■ What you have to do: Before you write out the listing, remove the pictures; everything else stays exactly as it is.
[[ Data provided, beginning ]]
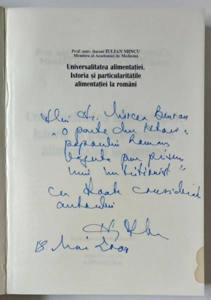 UNIVERSALITATEA ALIMENTATIEI , ISTORIA SI PARTICULARITATILE ALIMENTATIEI LA ROMANI de IULIAN MINCU , 2000 *DEDICATIE
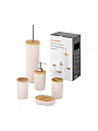 Коллекция «Бамбук» станет отличным решением для создания уюта и комфорта в ванной комнате. Коллекция имеет оригинальный дизайн за счет сочетания двух разных материалов – качественного пластика и бамбука. Пластик не подвержен внешним воздействиям, легко моется и не желтеет со временем. Вставки из бамбука имеют специальную обработку, которая защищает их от размокания и плесени. Коллекция «Бамбук» включает в себя все необходимые изделия для ванной комнаты:
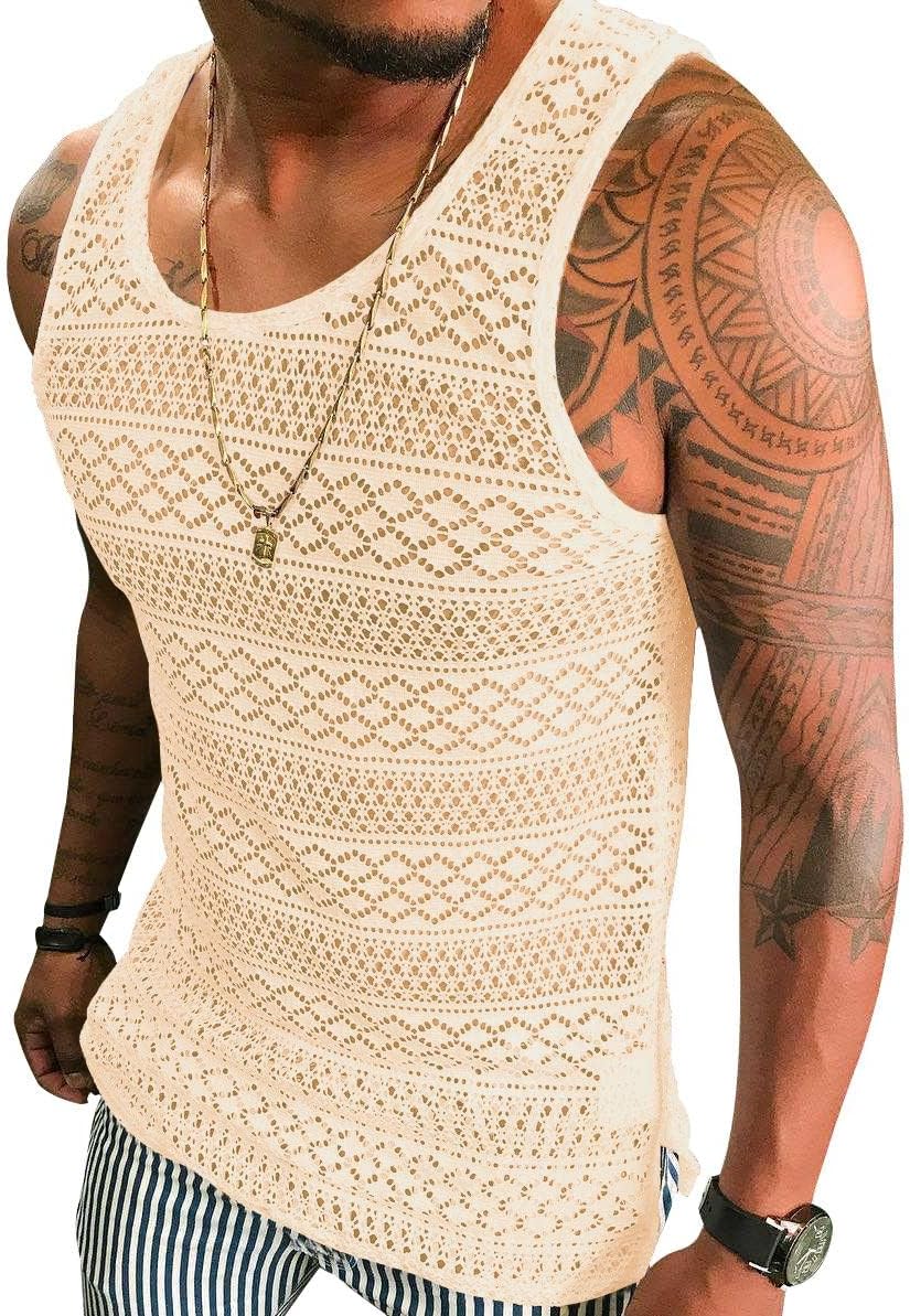 Syktkmx Mens See Through Vest Crewneck Sleeveless Tank Tops Muscle Sexy Mesh Shirts
[[ Data provided, end ]]
■ Exercise result:
 UNIVERSALITATEA ALIMENTATIEI , ISTORIA SI PARTICULARITATILE ALIMENTATIEI LA ROMANI de IULIAN MINCU , 2000 *DEDICATIE
 Коллекция «Бамбук» станет отличным решением для создания уюта и комфорта в ванной комнате. Коллекция имеет оригинальный дизайн за счет сочетания двух разных материалов – качественного пластика и бамбука. Пластик не подвержен внешним воздействиям, легко моется и не желтеет со временем. Вставки из бамбука имеют специальную обработку, которая защищает их от размокания и плесени. Коллекция «Бамбук» включает в себя все необходимые изделия для ванной комнаты:
 Syktkmx Mens See Through Vest Crewneck Sleeveless Tank Tops Muscle Sexy Mesh Shirts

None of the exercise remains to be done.